● **PROBLEM**
A word-for-word copy of the data is what's wanted, with no pictures.

● **RECORDS TO USE**
-------

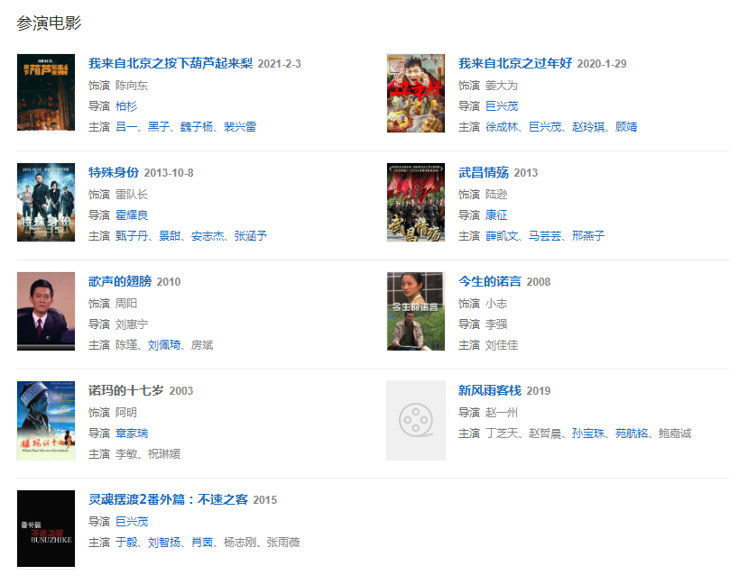 代表作品:追、鐵梨花、勇敢的心、火藍(lán)刀鋒、大秧歌、將軍、打狗棍、紅娘子、最美的鄉(xiāng)村
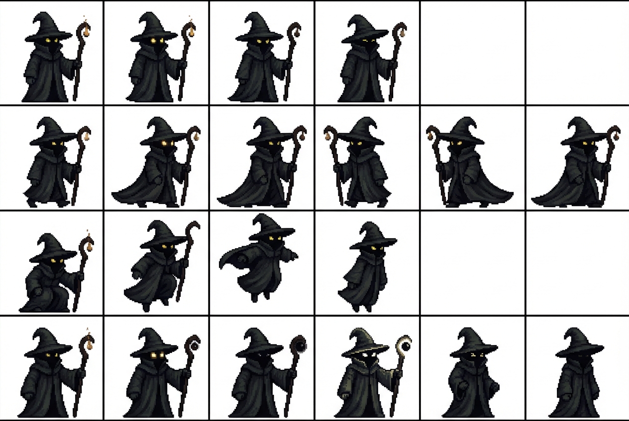 "# š§ Dark Fantasy Wizard ā 32Ć32 Sprite Sheet ### šØ Visual Style * **32Ć32 pixels per frame** * Dark, desaturated palette * Heavy shadowing (top-down light source) * Oversized pointed hat obscuring face * Glowing yellow or cyan eyes (2ā3 pixels each) * Long tattered robes that drag on ground * Staff slightly crooked, faint magical ember glow * Subtle robe physics (trailing cloth) --- # š Sprite Sheet Layout **Canvas Size:** 192 Ć 128 px (6 columns Ć 4 rows of 32px frames) ``` Row 1: Idle (4 frames, leave last 2 empty or duplicate) Row 2: Walk (6 frames) Row 3: Jump (4 frames, last 2 empty) Row 4: Cast Spell (6 frames) ``` Total used frames: 20 --- # šÆ Animation Design (Dark Fantasy Feel) ## š¤ Idle (4 frames) 1. Subtle robe sway (1px movement at bottom hem) 2. Eyes flicker brighter 3. Tiny cloth drag shift 4. Micro hat dip (breathing effect) š Keep movement minimal and eerie. --- ## š¶ Walk (6 frames) * Feet barely visible under robe * Robe bottom stretches backward on forward step * Frame 3 & 6 = strongest cloth drag * Hat bob is subtle, 1px vertical motion * Staff lags 1 frame behind body motion š The robe should feel heavy and slightly delayed. --- ## 𦓠Jump (4 frames) 1. Crouch (robe compresses 2px upward) 2. Lift-off (robe trails downward) 3. Mid-air float (cloak flares slightly) 4. Fall (robe sharply tapered beneath) š Keep legs mostly hidden ā silhouette matters more than detail. --- ## š„ Cast Spell (6 frames) 1. Staff lifts 2. Eyes brighten 3. Small dark orb forms (deep purple/blue core) 4. Bright rim light flash 5. Release frame (1ā2px recoil) 6. Robe settles slowly Optional: 1-frame pure white staff tip for impact punch. --- # šØ Recommended 32Ć32 Proportions * Hat: 12ā14px tall * Body: 14ā16px * Robe drag: bottom 4ā6px * Eyes: 2Ć2 pixels * Staff: 1px wide shaft Silhouette should read clearly even when zoomed out. MAKE SURE IT CAN BE ADAPTABLE TO BE A SHOOTER AS WELL, INT HE CODE, THE STAFF MOVES TO THE CURSOR"
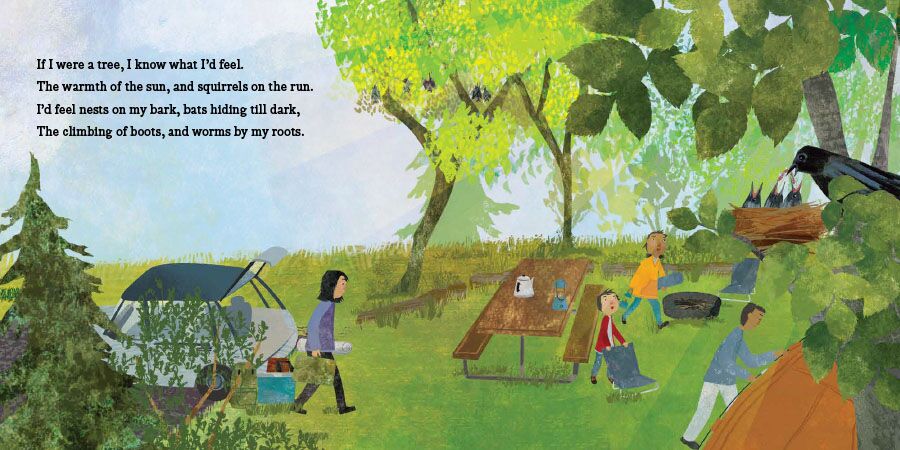 The sister has camped in the forest many times before. The brother is nervous for his first overnight trip. As the illustrations in this multifaceted picture book show the siblings discovering the woods, the text celebrates the strength and grace of the trees that surround them, through evocative verse that speaks to all five senses:
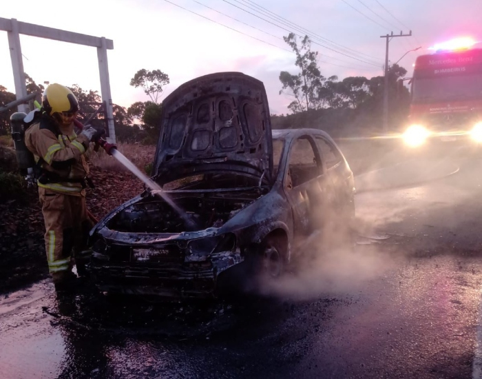 Um incêndio em veículo mobilizou os Bombeiros Voluntários na noite desta sexta-feira (15), no Balneário Campo Bom, em Jaguaruna. A guarnição foi até o local e se deparou com o veículo Chevrolet Celta com placas de Jaguaruna já tomado pelas chamas.
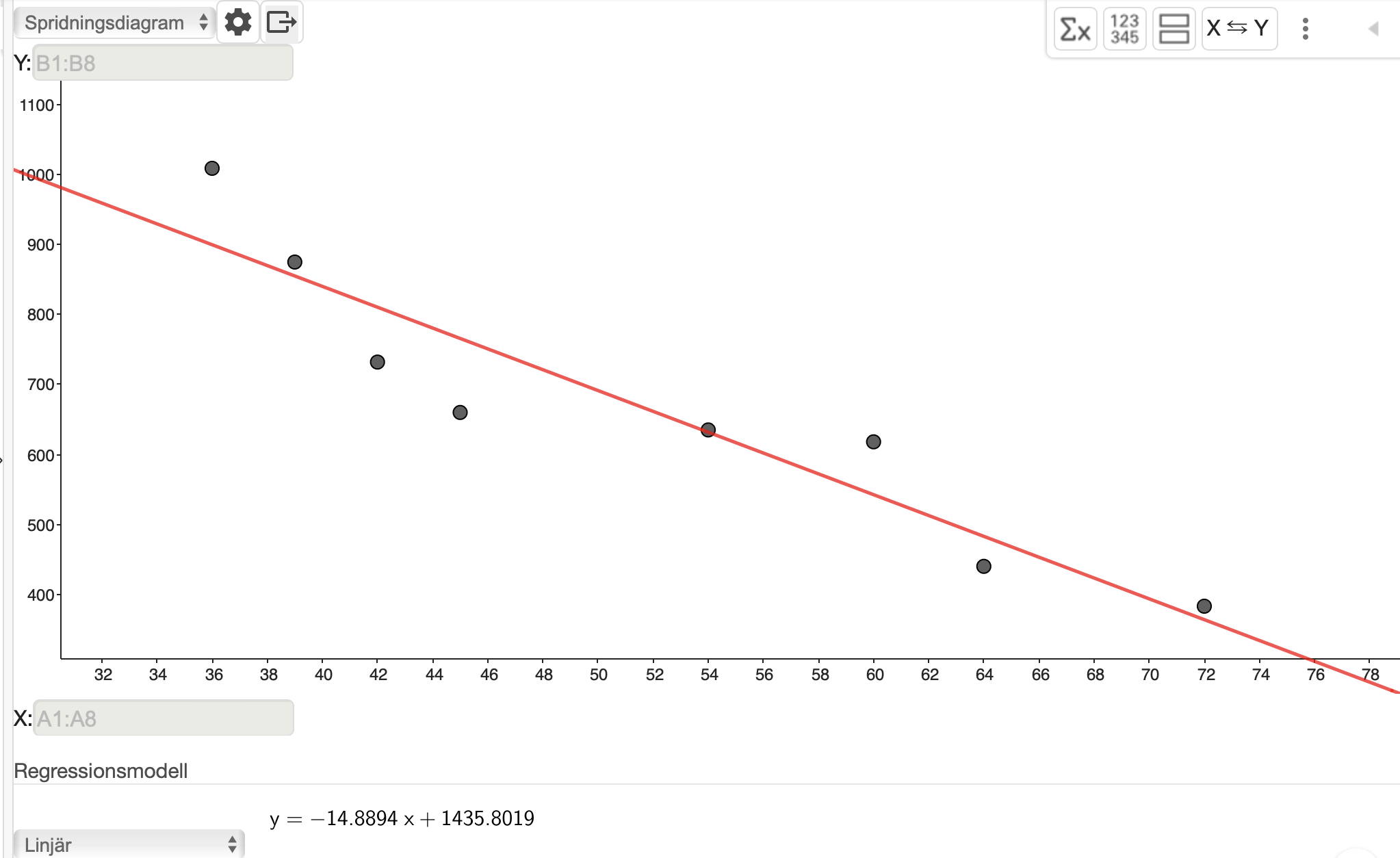 Så svaret blir alltså att linjens ekvation till vår linjära modell är ungefär (avrundat till heltal) \(f(x) = -15x + 1436\) och vi kan se att sambandet motsvarar en negativ korrelation.

-------

● **TASK SOLUTION**
 代表作品:追、鐵梨花、勇敢的心、火藍(lán)刀鋒、大秧歌、將軍、打狗棍、紅娘子、最美的鄉(xiāng)村
 "# š§ Dark Fantasy Wizard ā 32Ć32 Sprite Sheet ### šØ Visual Style * **32Ć32 pixels per frame** * Dark, desaturated palette * Heavy shadowing (top-down light source) * Oversized pointed hat obscuring face * Glowing yellow or cyan eyes (2ā3 pixels each) * Long tattered robes that drag on ground * Staff slightly crooked, faint magical ember glow * Subtle robe physics (trailing cloth) --- # š Sprite Sheet Layout **Canvas Size:** 192 Ć 128 px (6 columns Ć 4 rows of 32px frames) ``` Row 1: Idle (4 frames, leave last 2 empty or duplicate) Row 2: Walk (6 frames) Row 3: Jump (4 frames, last 2 empty) Row 4: Cast Spell (6 frames) ``` Total used frames: 20 --- # šÆ Animation Design (Dark Fantasy Feel) ## š¤ Idle (4 frames) 1. Subtle robe sway (1px movement at bottom hem) 2. Eyes flicker brighter 3. Tiny cloth drag shift 4. Micro hat dip (breathing effect) š Keep movement minimal and eerie. --- ## š¶ Walk (6 frames) * Feet barely visible under robe * Robe bottom stretches backward on forward step * Frame 3 & 6 = strongest cloth drag * Hat bob is subtle, 1px vertical motion * Staff lags 1 frame behind body motion š The robe should feel heavy and slightly delayed. --- ## 𦓠Jump (4 frames) 1. Crouch (robe compresses 2px upward) 2. Lift-off (robe trails downward) 3. Mid-air float (cloak flares slightly) 4. Fall (robe sharply tapered beneath) š Keep legs mostly hidden ā silhouette matters more than detail. --- ## š„ Cast Spell (6 frames) 1. Staff lifts 2. Eyes brighten 3. Small dark orb forms (deep purple/blue core) 4. Bright rim light flash 5. Release frame (1ā2px recoil) 6. Robe settles slowly Optional: 1-frame pure white staff tip for impact punch. --- # šØ Recommended 32Ć32 Proportions * Hat: 12ā14px tall * Body: 14ā16px * Robe drag: bottom 4ā6px * Eyes: 2Ć2 pixels * Staff: 1px wide shaft Silhouette should read clearly even when zoomed out. MAKE SURE IT CAN BE ADAPTABLE TO BE A SHOOTER AS WELL, INT HE CODE, THE STAFF MOVES TO THE CURSOR"
 The sister has camped in the forest many times before. The brother is nervous for his first overnight trip. As the illustrations in this multifaceted picture book show the siblings discovering the woods, the text celebrates the strength and grace of the trees that surround them, through evocative verse that speaks to all five senses:
 Um incêndio em veículo mobilizou os Bombeiros Voluntários na noite desta sexta-feira (15), no Balneário Campo Bom, em Jaguaruna. A guarnição foi até o local e se deparou com o veículo Chevrolet Celta com placas de Jaguaruna já tomado pelas chamas.
 Så svaret blir alltså att linjens ekvation till vår linjära modell är ungefär (avrundat till heltal) \(f(x) = -15x + 1436\) och vi kan se att sambandet motsvarar en negativ korrelation.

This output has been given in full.